# Outboard painting



## kooker (Feb 22, 2010)

Well I'm going to go look at an outboard tomorrow and the color is navy blue which I'm not a very big fan of. I tried searching on the forum for topics about painting your outboard, but couldn't find anything. I don't have a spray gun, but there has to be another simple way to paint an outboard and make it look pretty nice. Anybody have any suggestions, and if you do is there anyway you could post some pictures or detail the painting procedure? Thanks guys.


----------



## noeettica (Sep 23, 2007)

It will look nice but NOT for Long ... Valspar rattle cans ...

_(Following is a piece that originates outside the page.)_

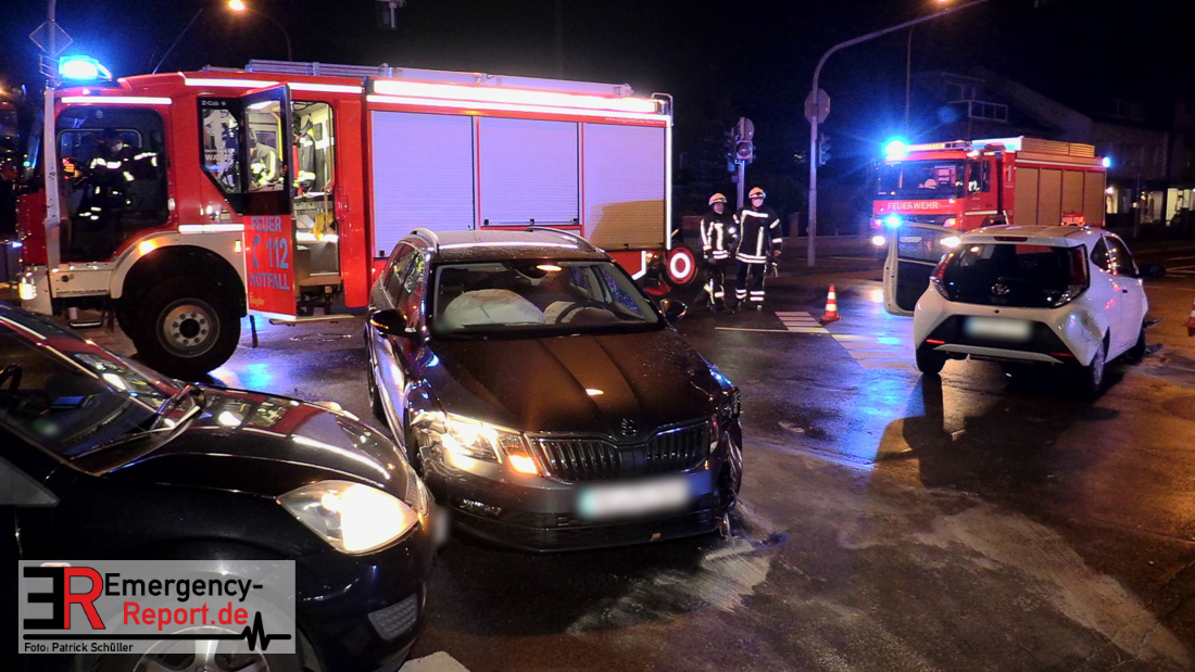 Gegen 20:20 Uhr, ereignete sich dann ein weiterer Verkehrsunfall in Langenfeld – diesmal an der Richrather Straße auf Höhe des Winkelswegs. Hier war eine 27-jährige Frau aus Haan mit ihrem Toyota Aygo über die Richrather Straße in Richtung Richrath gefahren. Dabei missachtete sie nach aktuellem Stand der Unfallermittlungen einen von rechts vom Winkelsweg anfahrenden vorfahrtberechtigten Skoda Octavia eines 55-jährigen Langenfelders. Durch die Wucht des Aufpralls wurde der Skoda dann noch in den Ford Fiesta eines 64-jährigen Langenfelders geschoben, welcher über die Richrather Straße in entgegengesetzte Richtung unterwegs war.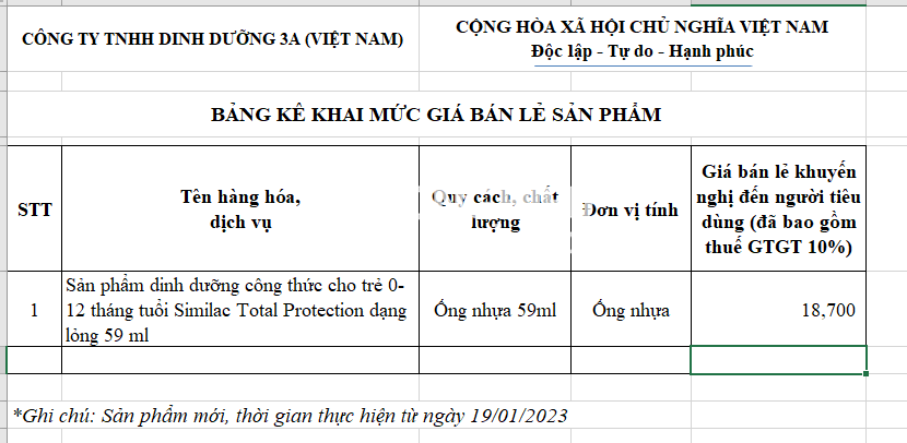 Công ty TNHH Dinh dưỡng 3A Việt Nam cũng thông báo giá bán lẻ sản phẩm mới. Thời gian thực hiện từ ngày 19/1/2023. Cụ thể:

The marine envirement Requires special Products and aplication techniques   NOT available to the Public Due to the Enviromental NAZIS requiring arrestor Pads in spray Booths :-(

                                                                                                                         Dave


----------



## kooker (Feb 22, 2010)

Thanks! I'm guessing you meant to say Valspar? Well if I was to paint the outboard with this paint, how many coats of paint should I do, and should I add a clear coat when finished? What's the life expectancy before this stuff starts wearing off? Sorry for asking so many questions I just want to know all the details before I make an outboard look like complete crap haha


----------



## noeettica (Sep 23, 2007)

Hopefully there will be some other Opinions 

If I was you I would borrow a small compressor and gun 

and get ahold of some professional products or get a pro to do it for you 

You could do all the prep and masking then have them hang it in thier booth and shoot it 

Some one is messing with my posts !!! LOL I'm flattered ;-)

Dave


----------



## Gramps (Nov 1, 2007)

Dave you're going overboard. There are plenty of products and techniques that do not involve deadly fumes & the need for specialized paint booths.

http://www.marineengine.com/boat-forum/showthread.php?t=5534

http://www.myoutboardengine.com/paint.html#can

TomFL repainted the cowling of his Yamaha with factory matched rattle can paint, Str8outha9c has detailed wet sanding, buffing & sealing.  There is a lot of information on Microskiff regarding this and also on the internet.  You can do it, just takes some time & patience.  Good luck!


----------



## noeettica (Sep 23, 2007)

Good post Scott ...

I Did VW Sheet metal for the customers willing to pay for it ... Glass Bead Clean / Prime and them Imron or Centari 99a pitch Black ...


----------